The judge also mocked the government's contention that it would be burdensome to comply with any court order that requires the NSA to remove the plaintiffs from its database.
"Of course, the public has no interest in saving the government from the burdens of complying with the Constitution!" he wrote. As for the government's complaint that other successful requests "could ultimately have a degrading effect on the utility of the program," he said, "I will leave it to other judges to decide how to handle any future litigation in their courts."
'Opening salvo'
Stephen Vladeck, a national security law expert at the American University law school, said Leon is the first judge to say he has serious constitutional concerns about the program.
"This is the opening salvo in a very long story, but it's important symbolically in dispelling the invincibility of the metadata program," he added.
Vladeck said 15 judges on the Foreign Intelligence Surveillance Court have examined Section 215 of the Patriot Act, the provision of law under which the data collection takes place, without finding constitutional problems. "There's a disconnect between the 15 judges on the FISA court who seem to think it's a no-brainer that Section 215 is constitutional, and Judge Leon, who seems to think otherwise."
Vladeck said there is a long road of court tests ahead for both sides in this dispute and that a higher court could ultimately avoid ruling on the big constitutional issue identified by Leon. "There are five or six different issues in these cases," Vladeck said.
Robert F. Turner, a professor at the University of Virginia's Center for National Security Law, said searching the databases involved in the National Security Agency case is similar to searching motor vehicle records or FBI fingerprint files.
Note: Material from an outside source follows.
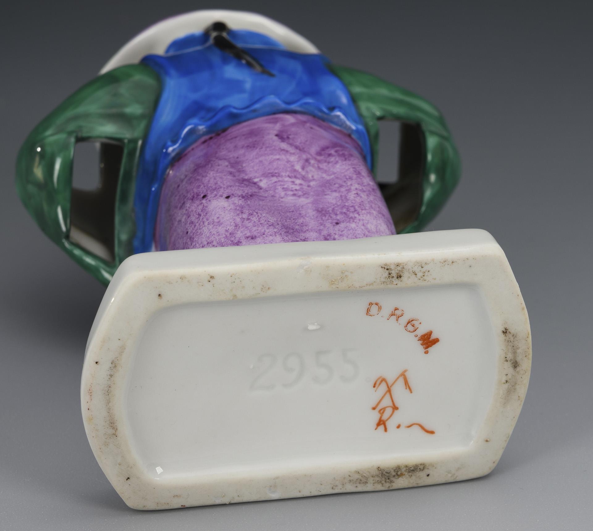 Stehende Figur in chinesischer Kleidung mit zwei Öffnungen zum Einstellen einer Zahnbürste.

The judge's decision is highly likely to be reversed on appeal, Turner said.
He said the collection of telephone metadata — the issue in Monday's ruling — has already been addressed and resolved by the Supreme Court. Turner said law enforcement officials routinely obtain telephone bills that include the numbers dialed without the use of a warrant.
"The odds that an American will have their phone metadata examined by law enforcement officials are about 1,000-times greater than by the National Security Agency," Turner said.